Google Spain is ultimately pushed in the direction of dignitary privacy because it is well understood how the requirements of dignitary privacy may be reconciled with the requirements of public discourse. Although the normative logic of dignitary privacy may be in tension with freedom of expression, it is not, like the instrumental logic of data privacy, incompatible with freedom of expression. Insofar as freedom of expression is valued because it fosters democratic self-government, public discourse cannot serve as an effective instrument of self-governance without a modicum of civility.

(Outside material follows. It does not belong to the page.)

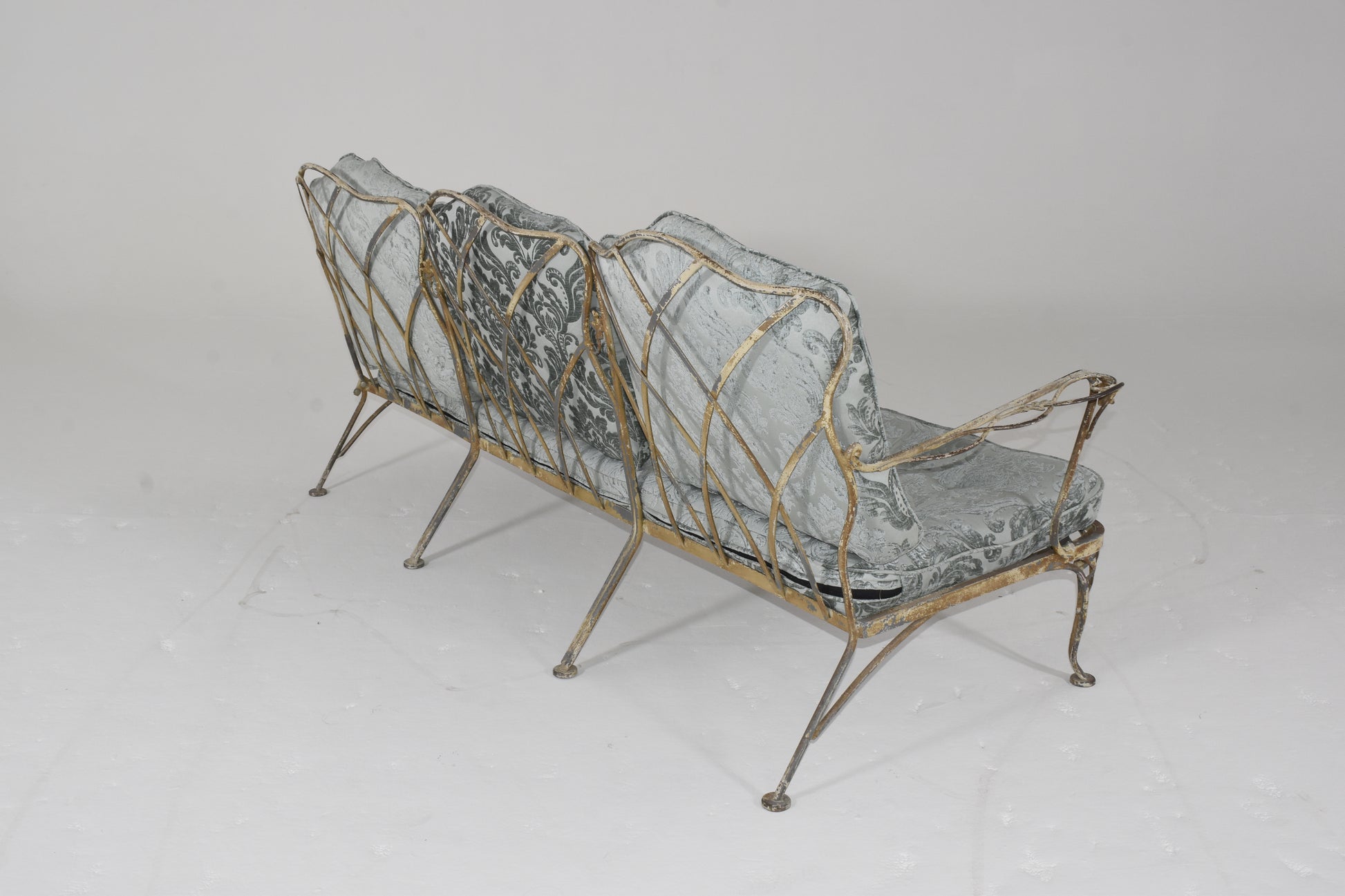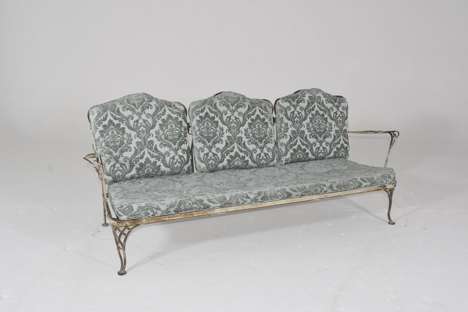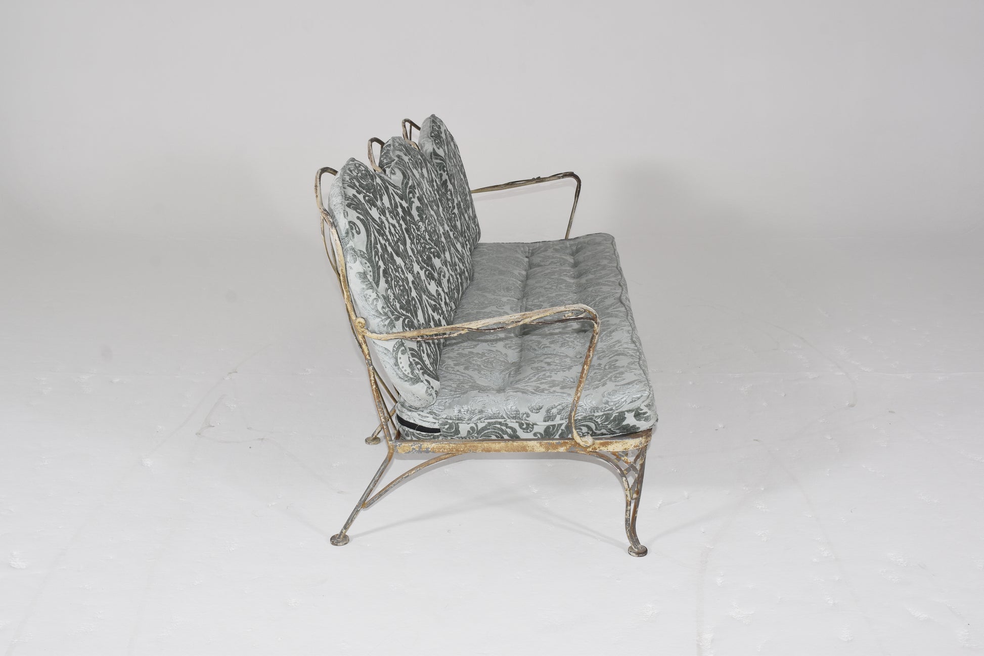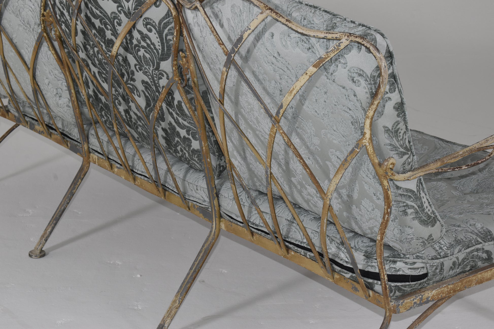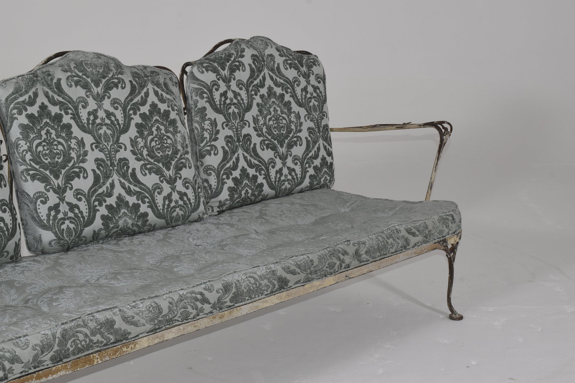 French Wrought Iron Vintage Two Seater Sofa with Damask Print Upholstered Cushions in Light Green Tones

Yet the Google Spain decision recognizes dignitary privacy only in a rudimentary and unsatisfactory way. It inadequately theorizes both the harms potentially caused by Google links, and the contributions made by such links to public discourse. If it had more clearly focused on the requirements of dignitary privacy, moreover, Google Spain could not so sharply have distinguished Google from the underlying websites to which Google links refer. Google Spain would not have been able blithely to outsource the enforcement of the right to be forgotten to a private corporation like Google.
Robert Post is a Sterling Professor of Law at Yale Law School, and served as the School's 16th dean, from 2009 until 2017. Before coming to Yale, he taught at the University of California at Berkeley School of Law. Post’s subject areas are constitutional law, First Amendment, legal history, and equal protection. He has written and edited numerous books, including Citizens Divided: A Constitutional Theory of Campaign Finance Reform (2014), which was originally delivered as the Tanner Lectures at Harvard in 2013. Other books include, Democracy, Expertise, Academic Freedom: A First Amendment Jurisprudence for the Modern State (2012); For the Common Good: Principles of American Academic Freedom (with Matthew M. Finkin, 2009); Prejudicial Appearances: The Logic of American Antidiscrimination Law (with K. Anthony Appiah, Judith Butler, Thomas C. Grey & Reva Siegel, 2001); and Constitutional Domains: Democracy, Community, Management (1995).
He publishes regularly in legal journals and other publications; recent articles and chapters include “Theorizing Disagreement: Reconceiving the Relationship Between Law and Politics” (California Law Review, 2010); “Constructing the European Polity: ERTA and the Open Skies Judgments” in The Past and Future of EU Law: The Classics of EU Law Revisited on the 50th Anniversary of the Rome Treaty (Miguel Poiares Maduro & Loïc Azuolai eds., 2010); “Roe Rage: Democratic Constitutionalism and Backlash” (with Reva Siegel, Harvard Civil-Rights Civil-Liberties Law Review, 2007); “Federalism, Positive Law, and the Emergence of the American Administrative State: Prohibition in the Taft Court Era” (William & Mary Law Review, 2006); “Foreword: Fashioning the Legal Constitution: Culture, Courts, and Law” (Harvard Law Review, 2003); and “Subsidized Speech” (Yale Law Journal, 1996). He is a member of the American Philosophical Society and the American Law Institute and a fellow of the American Academy of Arts and Sciences. He is a former member of the Board of Directors of the American Constitution Society.